If direct sunlight is a threat to the condition of your collection, water presents an even greater danger. While you are checking for sunlight patterns in your home, you might also make certain that all windows are properly calked and firmly sealed so that they will not admit any moisture. There may be nothing that can prevent water damage from an unexpected roof leak or a broken pipe. Nevertheless, it is a good idea to locate bookcases where they’re most likely to be safe from such unforeseen events. During a recent summer downpour in Tucson, we caught a roof leak that trickled down through a closet and into the carpet, just in time to save a box of irreplaceable Damon Runyon firsts. Half an hour later and we would have lost them.

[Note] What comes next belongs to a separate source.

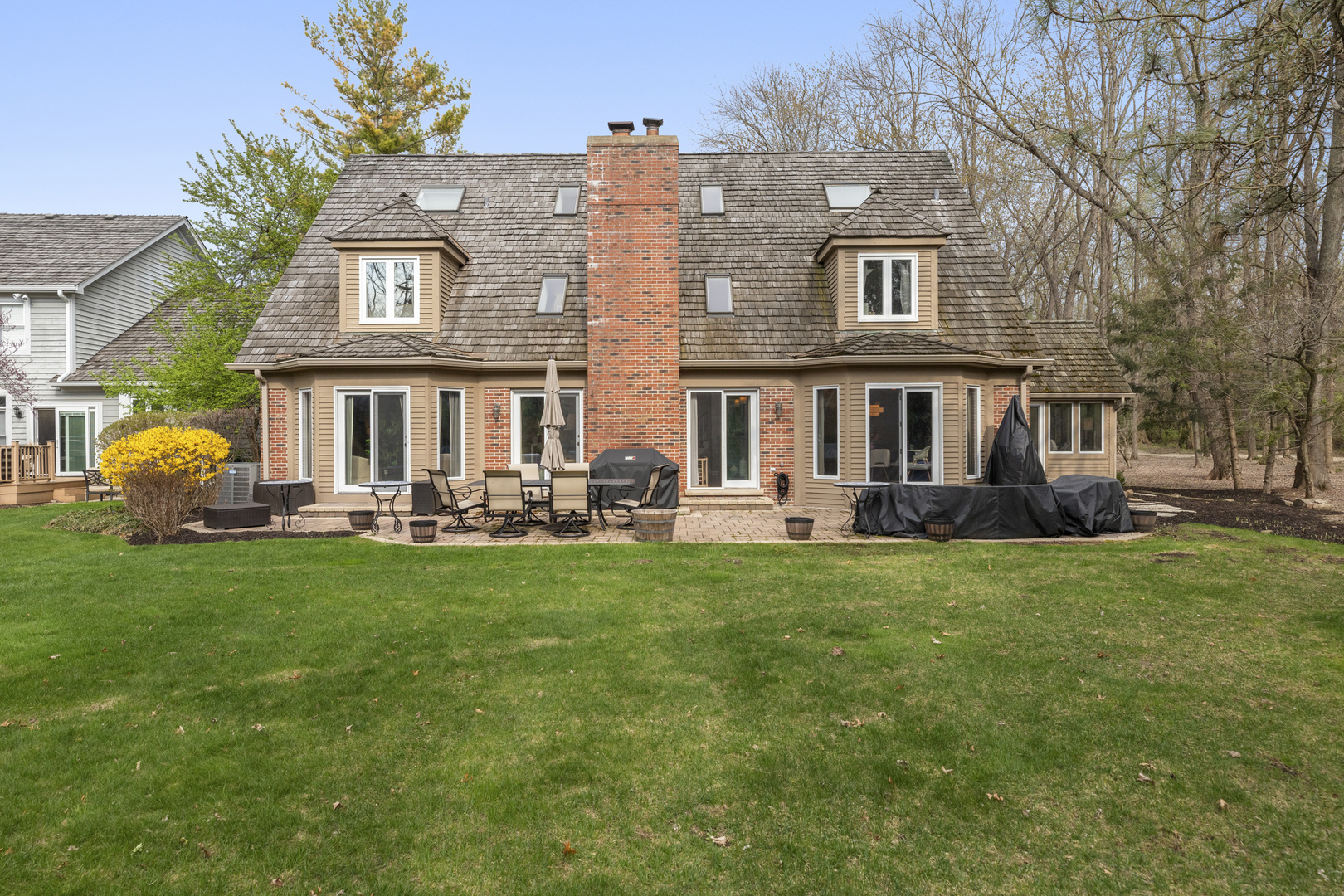 Welcome to your serene suburban retreat! This elegant 3-bedroom, 3.1-bath home offers a spacious, light-filled layout with updated finishes throughout, nestled on a premium wooded cul-de-sac lot in the highly sought-after Fields of Long Grove subdivision. Step inside to discover stunning two-story cathedral ceilings and a grand foyer that flows seamlessly into a sophisticated living room featuring a chic fireplace and custom wraparound cabinetry that extends into the family room. The formal dining room leads to a designer kitchen equipped with a large island, granite countertops, professional-grade stainless steel appliances-including a gas cooktop, double oven, dishwasher, and microwave-and beautifully lit with under- and over-cabinet lighting. Enjoy daily meals in the spacious eating area, which accommodates any table size, and relax in the family room or the bright four-season room, both offering breathtaking views of the surrounding forest. The first-floor primary suite includes a sitting area with direct access to the brick patio-perfect for morning coffee-a walk-in closet with custom organization, and a luxurious updated en-suite bath featuring a Jacuzzi-style tub and a steam shower. A powder room and mudroom with laundry hook-up complete the main level. Upstairs, two generously sized bedrooms each have their own full bathrooms, offering ultimate privacy for family or guests. Updates include: Basement partially finished, Culligan home water system, circulating tankless water heater Rinnai (25 years lifetime warranty – instant hot water in the tap), Daikin Mini-split heat exchanger AC unit for one upstairs bedroom , Stone Patio – 950 SF, Interior painting – living room, dining room, master bedroom, kitchen, upstairs bedrooms and bathrooms, Upstairs bedrooms – walk-in-closet remodel, new carpeting and wallpaper in both rooms, 2024 Sump pump, Gutter screens, Cedar Shake Roof was completely replaced in 2016, HVAC in 2019. Community has walking paths – convenient access to beautiful 40min walking path. Located within walking distance of scenic trails and just a short drive to award-winning schools (Country Meadows, Woodlawn, and Stevenson High School), downtown Long Grove, forest preserves, restaurants, and shopping. This exceptional home offers luxury living surrounded by nature-schedule your private showing today!

When these potential problems are solved, then you can shelve your books with some degree of confidence that their condition will be protected. But books have other enemies. Depending on where you live, there may be any number of insects you should watch out for. Books collect dust. Dust, in turn, attracts insects including, in many areas, silverfish. Your books should be dusted routinely and spot-checked for insect damage. If you have taken care with your books, the chances are that you will never have to deal with silverfish contamination, but you can never be too cautious.

Finally, we come to shelving the books. The best advice here is to place your books on the shelves with all the spines lined up in a row. This way they tend to support each other and minimize any potential for the boards to warp. Don’t force too many books onto a shelf. If you can place a finger on the top edge of a book and roll it back toward you without touching the spine, the books are packed properly. If you cannot, then they are too tight.

All of this may sound difficult, but in practice it’s not. And it’s worth the effort. With a little care and foresight you can display your beautiful library with only minimal risk.